He said the words in an almost hypnotizing tone, allowing his hand to slide inside the sleeve of her jacket and grasp her arm, his foot also coming up to rub her leg under the table. His eyes were dark blue in the restaurant's dim light and fixed on her like he was indeed casting a spell, but something told her he wasn't. That was just his own raw, natural power.

"Ahem," their server cleared his throat awkwardly, having arrived with their food.

They enjoyed their pizza with some more magical talk, though centered around more basic things like subjects taught at Hogwarts and what types of shops one would find in Diagon Alley and Hogsmeade. Colleen found herself longing to see it all. She felt a wistful disappointment that Sirius held all these memories she could never even see, let alone share. When he seemed to get lost in describing them to her, she felt like he was out of a fairytale and that if she tore her eyes away from the page, he might fade away.

They sauntered back to Colleen's place under the light of a full moon, Sirius seeming to stare at it thoughtfully, a bit distracted. It was the look he got whenever he was preoccupied with "Order business," as he called it now that she was in on more of their secrets. She squeezed his arm reassuringly, knowing that she likely wouldn't understand what was weighing on his mind but doing what she could to help. It was easy to forget the darkness of it all sometimes— that in that very moment, here on a London street, they were in as much danger as her husband had been on the Millennium Bridge, or Amy Grimaldi's sister had been while asleep in her bed as fire lapped up the wooden beams below her. Danger that Sirius's best friend was likely facing right now, on whatever mission they'd chosen for him.

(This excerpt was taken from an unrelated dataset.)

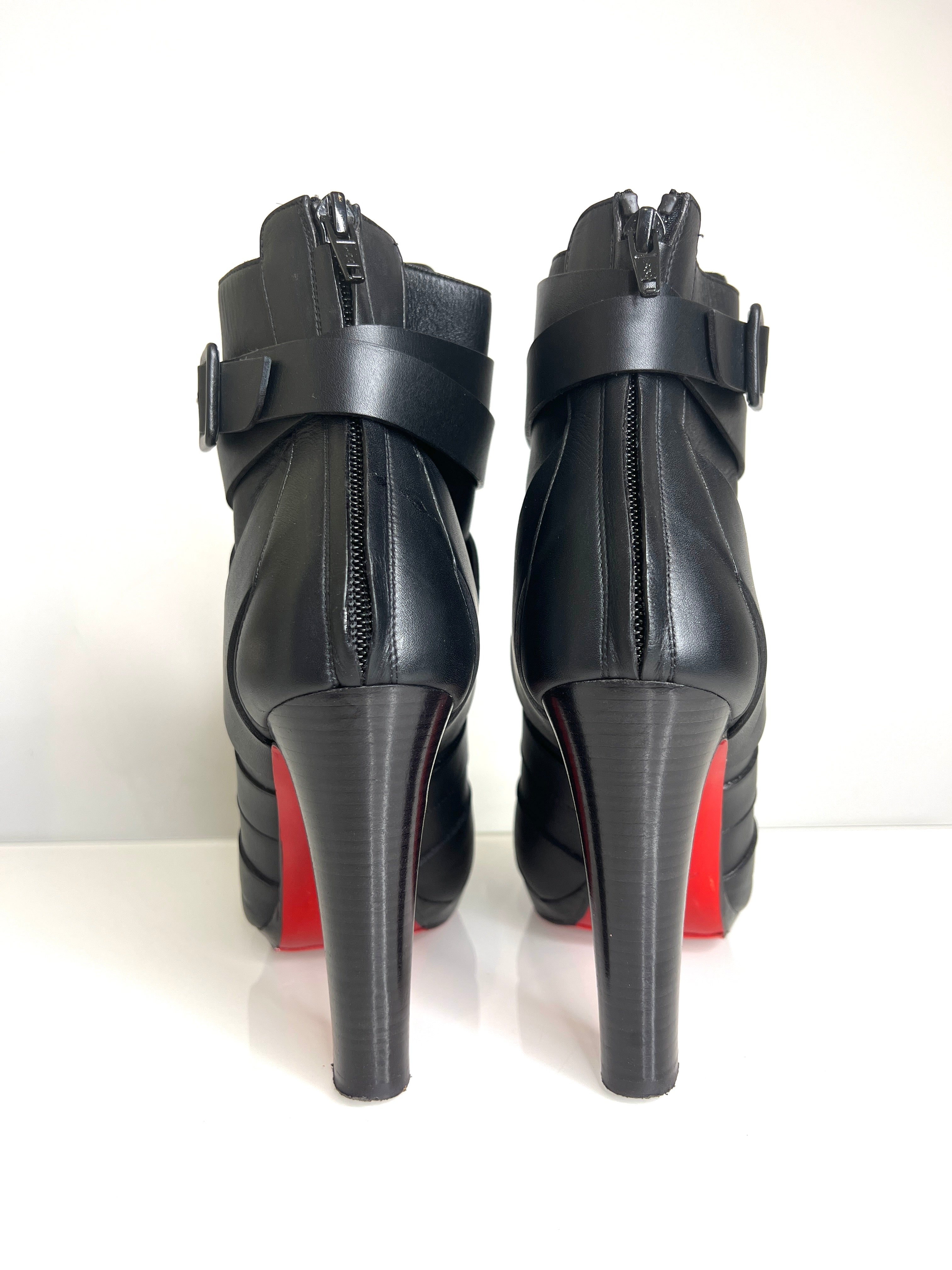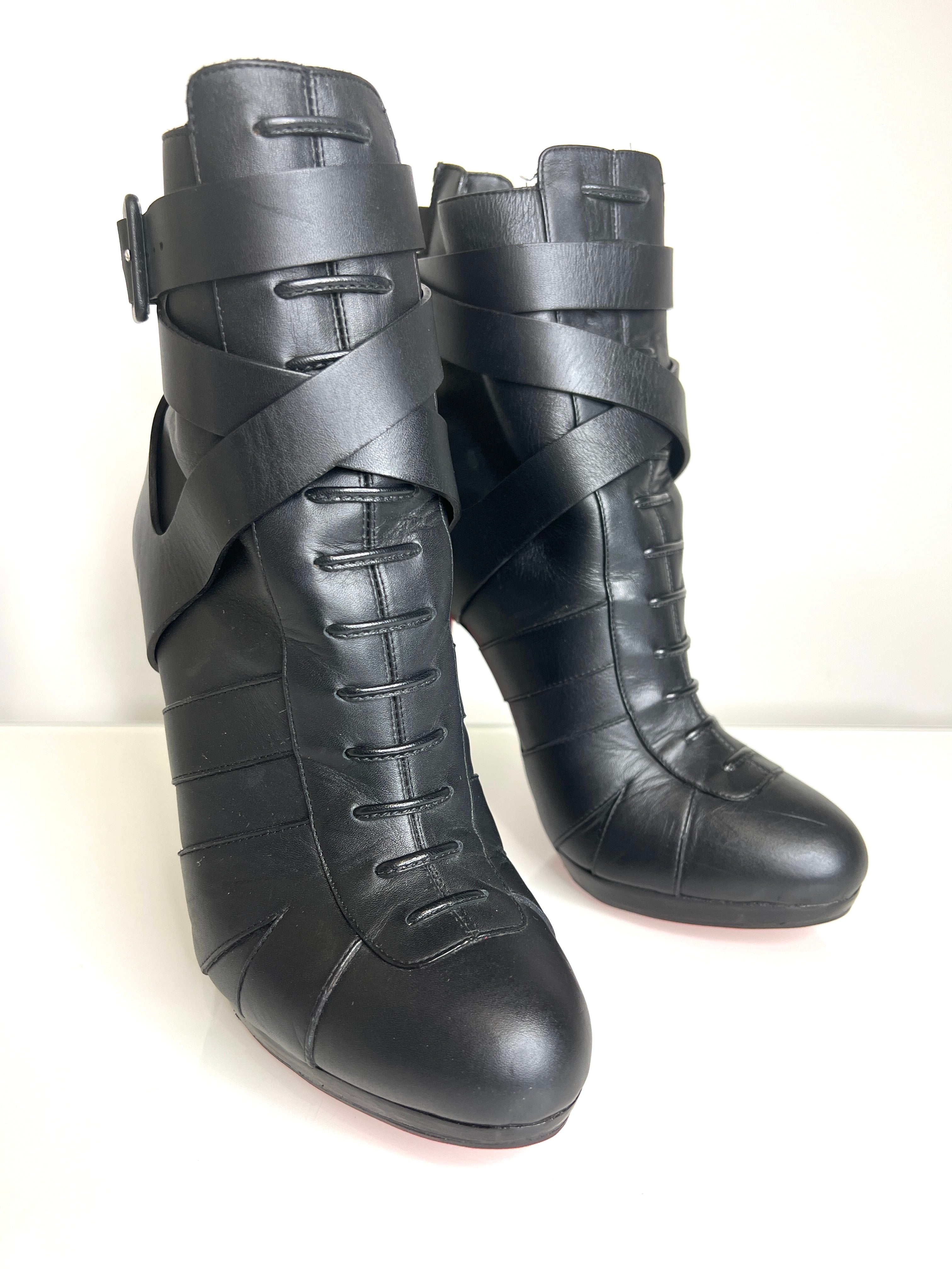 Christian Louboutin Preloved Lamu Black Leather Strappy Ankle Boots 38.5 UK5.5

"Sirius," Colleen began quietly. "Why did they send Remus off on a mission and not you? Why did they send Tonks to work in Hogsmeade, so close to Harry, when you're his godfather?"

She felt Sirius's arm tense within hers and he stared down at the pavement as they walked. "Harry can't know that I'm alive," he mumbled. "No one can."

"What? But you were all over the papers just a week or so ago."

"The Muggle papers," he corrected her. "According to the wizarding world papers I'm dead. And I have to stay that way until Albus Dumbledore decides it's appropriate for me to have my life back."

Colleen felt her stomach sink at his words— at the implication that his real life was elsewhere instead of here with her. "Who is Albus Dumbledore?" she asked, attempting to distract herself with facts.

"Head of the Order. Probably the most powerful wizard alive. Chess master. He decided it was in Harry's best interest to think me dead so he wouldn't risk his life going after me again. You see, the Dark Lord has a connection to Harry, that enabled him to use me as bait, to try to trap Harry and get him to do his bidding. That's what happened the night I...died. It's this connection that Dumbledore deems so valuable— some certainty that at the end of all of this, it comes down to Harry versus the Dark Lord. The rest of us are the game pieces moved at will, it seems, to ensure that all that happens at the proper time. So I am here...with a therapist, of course, to make it seem like it's all for my own good. And it may be. Who knows. But the fact remains that none of it is my choice. And it's fucking maddening."

Colleen met him with silence. It had turned into a far cry from how she had expected to spend the evening. Sirius picked up on her sadness immediately and stopped, pulling her close.

"I'm sorry, my love. I didn't mean to make you think you're not my choice. Because you are, one hundred percent. And if I am ever permitted to return in any capacity, it will be with you by my side."

"How?" she asked softly. "How could Ben and I survive in that world? If I were a target of a Dark Lord, what the hell could I do about it?"

"You won't be," Sirius promised. "I will protect you, always."